# Crestview, Fl.



## Mac1528 (Mar 24, 2012)

BSA Troop doing some preliminary planning for high adventure trip to Islamarada, Fl. in July 2018. Halfway point of our trip is Crestview. We're looking for cheapest accomodations, BSA camp grounds, or building that can hold 8 cots, small lot that can hold 4 tents, just looking for overnight, departing early mornings both ways. We're open for suggestions also. No food or fires required as we'll be eating on the road. 4 adults (1male/3female) 4 boys. 1 vehicle, 1 utility trailer in tow. Let's hear your ideas. Thanks. 

Sent from my SAMSUNG-SM-G530AZ using Tapatalk


----------



## FishWalton (Jul 22, 2010)

You might consider Camp Euchee at DeFuniak Springs.

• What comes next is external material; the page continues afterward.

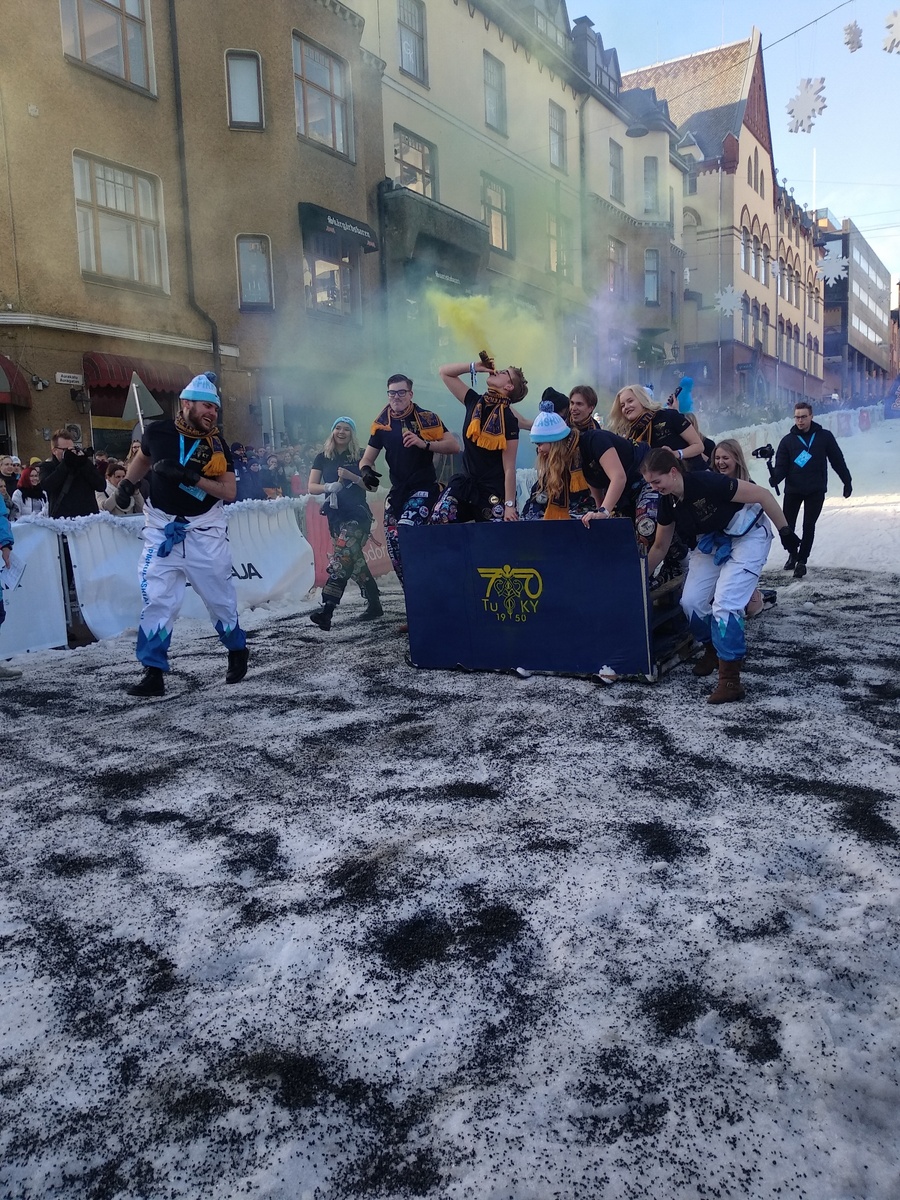 Все начинается с веселых катаний с горы на центральной улице Турку на самодельных санках. Но всё не просто так, это соревнования на креативность и находчивость. Каждой группе три судьи выставляют оценку от 1 до 5, победителями становятся те, кто набрал больше всего баллов.

This is a BSA facility under the BSA Gulf Coast Council, Choctawhatchee District . The camp is easy to reach off I-10. Located about 25 miles east of Crestview.


http://www.facebook.com/pages/Camp-Euchee-Boy-Scout-Camp-Ground/164508396897756

http://www.gulfcoastcouncil.org/2727


----------



## Splittine (Nov 24, 2007)

I have a backyard and a hose.


----------



## NKlamerus (Jan 4, 2016)

Spent years at Camp Euchee, they are really trying but it is still somewhat run down compared to the larger camps further north. 

It'll do for a night though!


----------



## FishWalton (Jul 22, 2010)

NKlamerus said:


> Spent years at Camp Euchee, they are really trying but it is still somewhat run down compared to the larger camps further north.
> 
> It'll do for a night though!



Lack of donations/funding no doubt. I haven't been out there is many years.


----------



## NKlamerus (Jan 4, 2016)

fishwalton said:


> Lack of donations/funding no doubt. I haven't been out there is many years.


That's exactly what it is. Hard to fund a camp with 100+ degree summers and low attendance.


----------



## Mac1528 (Mar 24, 2012)

Going to give them a call on Monday. Looked at thier calender for next year but didn't go out that far. Thanks for the info so far.

Sent from my SAMSUNG-SM-G530AZ using Tapatalk


----------



## Mac1528 (Mar 24, 2012)

Splittine said:


> I have a backyard and a hose.


Hey Split, did you find that hunerd gallon tank? These folks in Dallas are crazy for fuel!!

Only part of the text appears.